While many in the Church supported Galileo, the charges brought by the priests who had been goaded to act against him were serious. These men asserted that dreadful consequences must result to Christian theology were the heavenly bodies proved to revolve about the Sun and not about the Earth. Their most tremendous dogmatic engine was the statement that "his pretended discovery vitiates the whole Christian plan of salvation." Father Lecazre declared, "It casts suspicion on the doctrine of the incarnation." Others declared, "It upsets the whole basis of theology. If the Earth is a planet, and only one among several planets, it can not be that any such great things have been done specially for it as the Christian doctrine teaches. If there are other planets, since God makes nothing in vain, they must be inhabited; but how can their inhabitants be descended from Adam? How can they trace back their origin to Noah's ark? How can they have been redeemed by the Saviour?" Nor was this argument confined to the theologians of the Roman Church; Melanchthon, Protestant as he was, had already used it in his attacks on Copernicus and his school. (White, 1898; online text)

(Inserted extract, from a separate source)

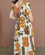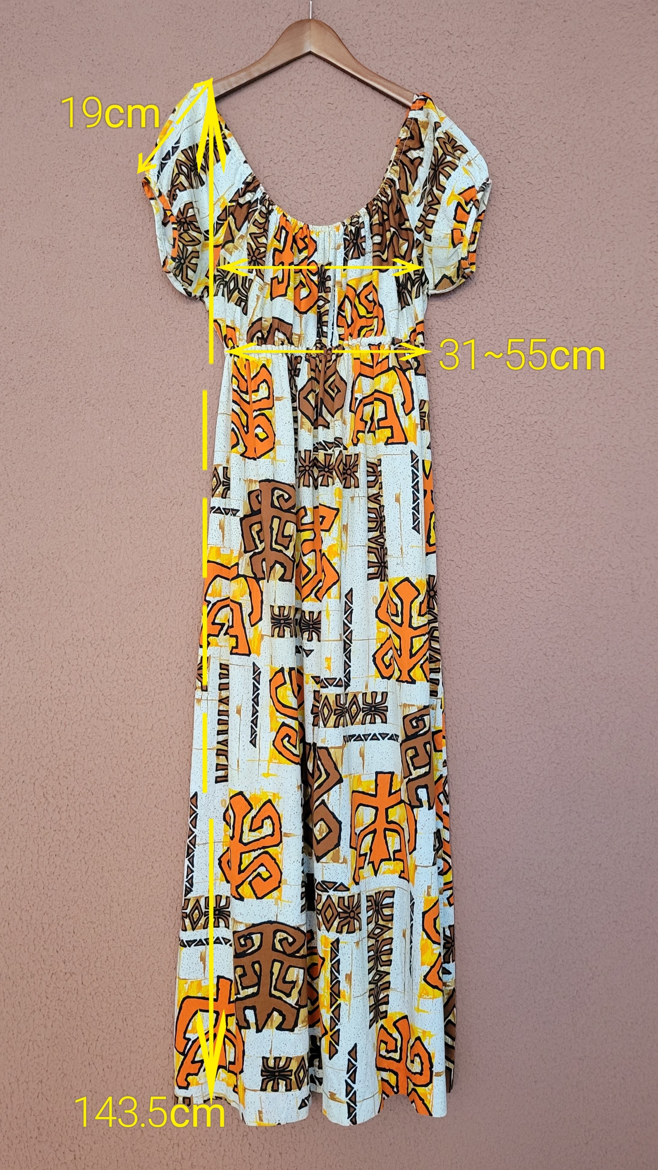 ヴィンテージのハワイアンマキシワンピース。素材表記はありませんがコットンです。首~背中にかけてのゴムが伸びており開きが広めです。バスト下にゴム入りのエンパイアシルエット。広がりすぎずすとんと落ちるシルエットでスタイルアップが叶います。大きく特徴的な柄で個性の光る1枚。

In 1616, the Inquisition warned Galileo not to hold or defend the hypothesis asserted in Copernicus's On the Revolutions, though it has been debated whether he was admonished not to "teach in any way" the heliocentric theory. Copernicus's book was not condemned, rather, it was just held pending the correction of a few sentences. When Galileo was tried in 1633, the Inquisition was proceeding on the premise that he had been ordered not to teach it at all, based on a paper in the records from 1616; but Galileo produced a letter from Cardinal Bellarmine that showed only the "hold or defend" order. The latter is in Bellarmine's own hand and of unquestioned authenticity; the former is an unsigned copy, violating the Inquisition's own rule that the record of such an admonition had to be signed by all parties and notarized. Leaving aside technical rules of evidence, what can one conclude as to the real events? There are two schools of thought. According to Stillman Drake, the order not to teach was delivered unofficially and improperly; Bellarmine would not allow a formal record to be made, and assured Galileo in writing that the only order in effect was not to "defend or hold". According to Giorgio di Santillana, however, the unsigned minute was simply a fabrication by the Inquisition.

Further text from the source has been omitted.